Let’s kick off Diabetes Blog Week by talking about the diabetes causes and issues that really get us fired up. Are you passionate about 504 plans and school safety? Do diabetes misconceptions irk you? Do you fight for CGM coverage for Medicare patients, SDP funding, or test strip accuracy? Do you work hard at creating diabetes connections and bringing support? Whether or not you “formally” advocate for any cause, share the issues that are important to you. (Thanks go out to Kim of Texting my Pancreas for inspiring this topic.)
Diabetes is the leading cause of nothing..so they say.
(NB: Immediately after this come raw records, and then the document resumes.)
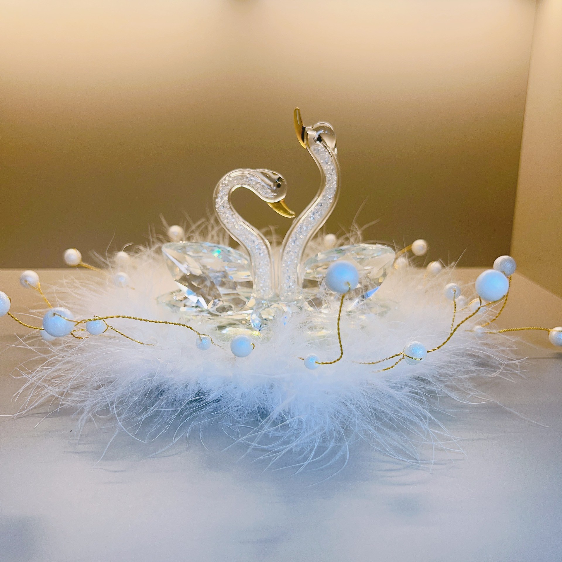 [Angsa CINTA] Dekorasi Mobil angsa kristal Dekorasi tengah konsol bulat sederhana rasa tinggi barang bagus
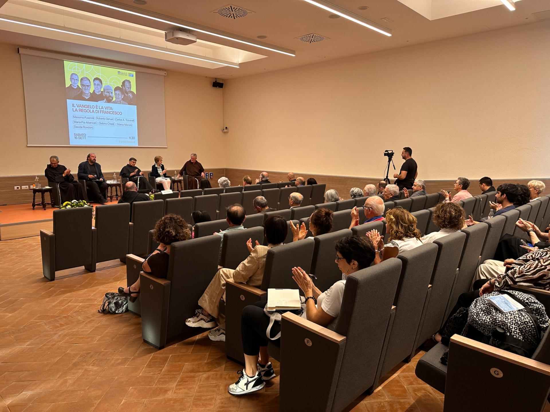 Sabato 16 settembre, nel Sacro Convento di San Francesco ad Assisi, si è tenuta una tavola rotonda sul tema "Il Vangelo è vita: la Regola di Francesco", che ha visto la partecipazione dei tre Ministri generali: Fr. Massimo Fusarelli dell'Ordine dei Frati Minori, Fr. Roberto Genuin dell'Ordine dei Frati Minori Cappuccini e Fr. Carlos Alberto Trovarelli dell'Ordine dei Frati Minori Conventuali. All’incontro, moderato da don Marco Moroni, custode del Sacro Convento, hanno partecipato anche la professoressa Maria Pia Alberzoni, storica ed esperta di francescanesimo, e lo scrittore Davide Rondoni.
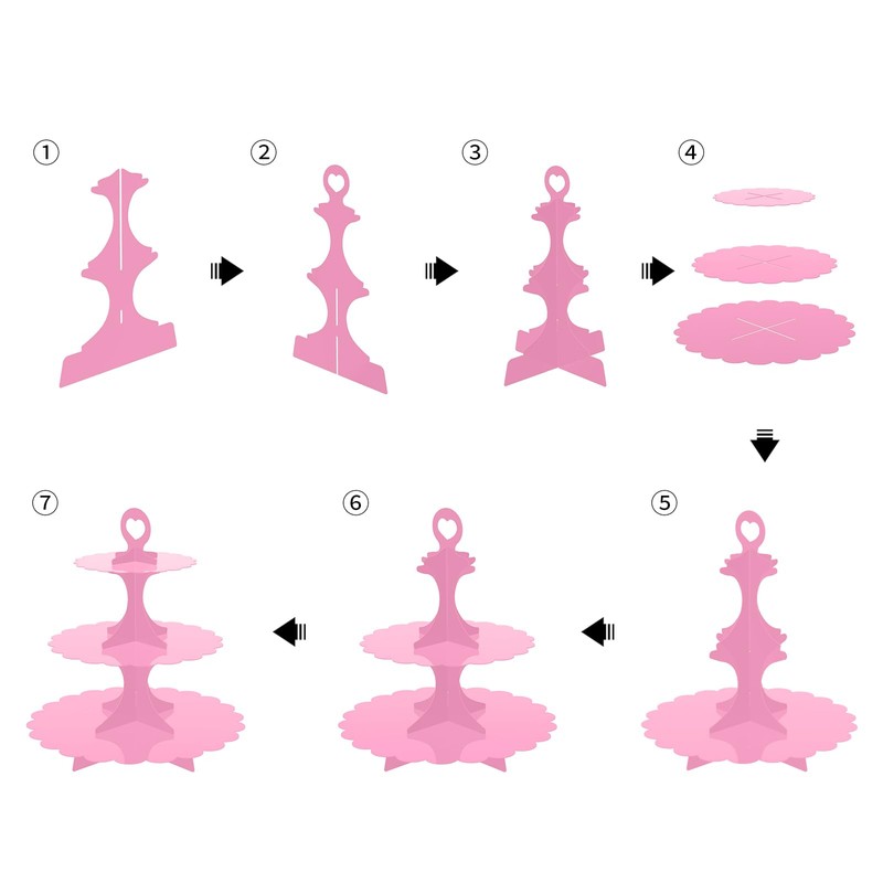 2.3-layer foldable design easy to store and carry. Pink cupcake stand is made of a sturdy central stand and 3 round paper discs. Even little kids can easily install the cupcake stand in a few minutes according to the instructions.
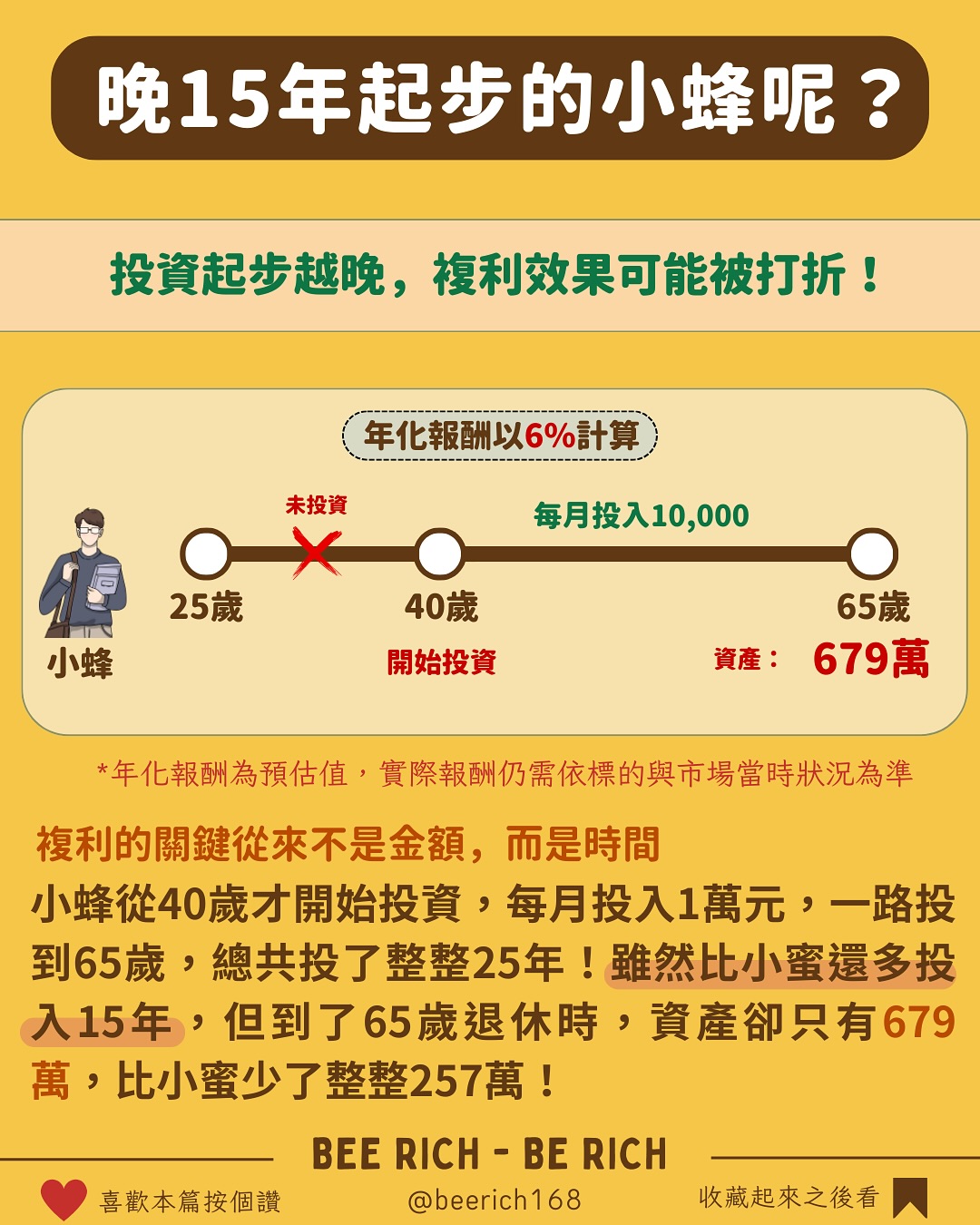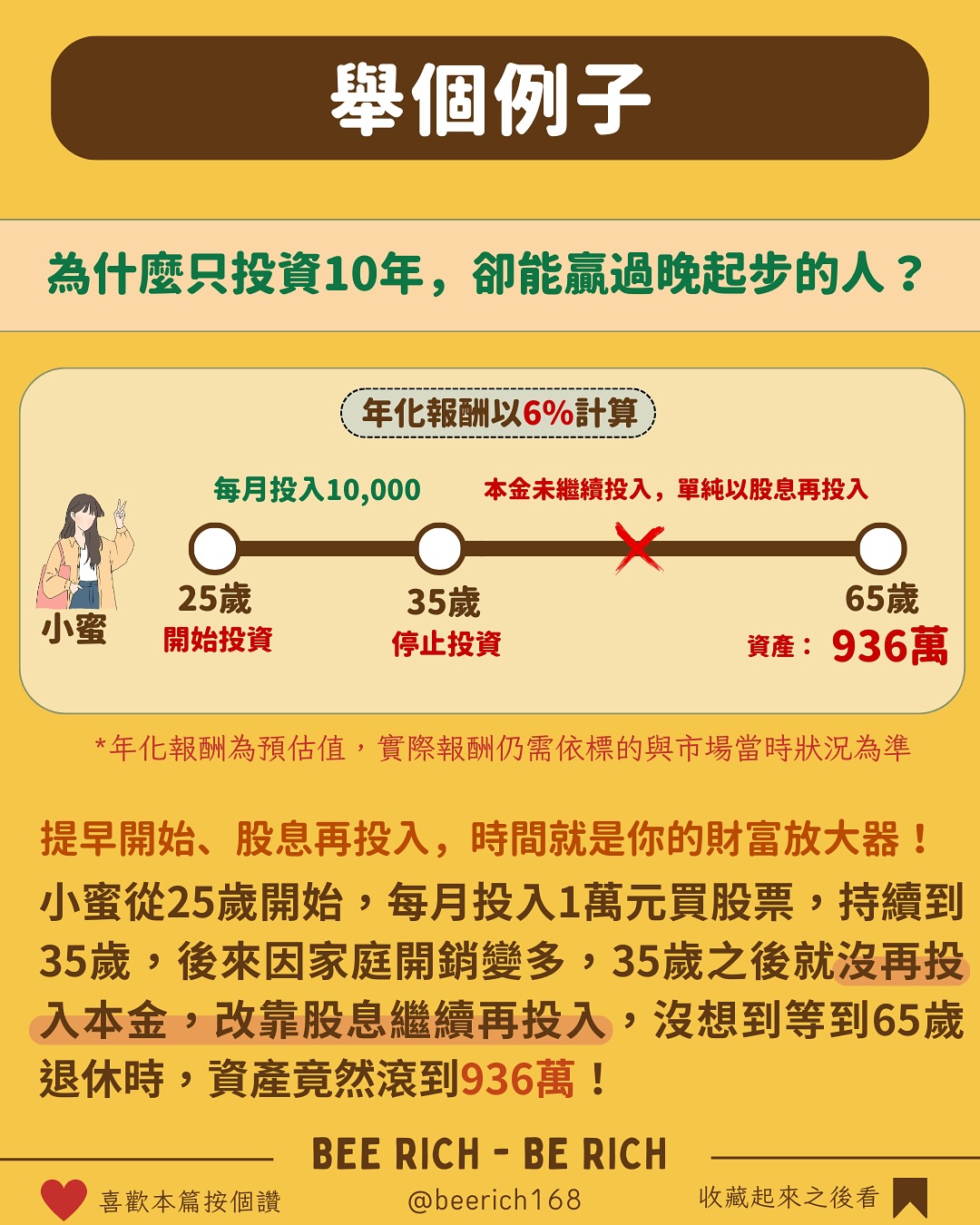 但爹還是要做個風險提醒!投資有賺有賠,文內以年化報酬率6%當示範,不代表每年都真的能穩穩拿得到6%報酬,遇到股災或系統性風險,報酬會波動,也必須評估風險與資產配置,投資就是讓自己用閒錢投入,不影響生活為主唷!

Oh,wait. That's not quite right..well-controlled diabetes is the leading cause of nothing.(we won't get into the semantics of "well-controlled"and genetics and all that jazz. That's a topic for another day.) But "control?" I think we can all agree it takes certain things to make that happen..medications,syringe/pump supplies, accurate AND adequate amounts of test strips,a supportive medical team, regular exercise, education & support. All these pieces to the puzzle. I think we can also agree that too few people have these..and too few insurance companies realize all that is involved in what makes up "control." If I could advocate, and if I ever won the lottery..I'd set up a foundation to help people get their meds/test strips/diabetes supplies. And I'd try to get on some famous person like Ellen's show to try and raise awareness of what this disease is,and the importance of treating it. Famous people have an incredibly platform to raise awareness. Meanwhile, the type 2 epidemic marches on. And there's not much we can really do about that until we cure both types of diabetes. We have to, before the costs from this disease bankrupt this country.(and others) And in the meantime,we all deserve treatment to keep our diabetes as well-controlled as possible. That's not to say that the average Joe Blow can't (& indeed,should) advocate but most people have jobs and responsibilities preventing them from doing so. It's just hard to see people A.not having the means to get supplies in the first place and B.being denied the treatment needed. Sometimes I think this diabetes battle can only be "controlled" enough to live a long,healthy life..if you are lucky enough to live in the top .0000000001%,first world,excellent health care,adequate funds to at least cover the out of pocket,all the advantages.Diabetes in the trenches is a whole other story. I would try to help people as I've been helped,to give them a chance to live a healthy life. I've never had to choose between food and test strips..and no one should have to.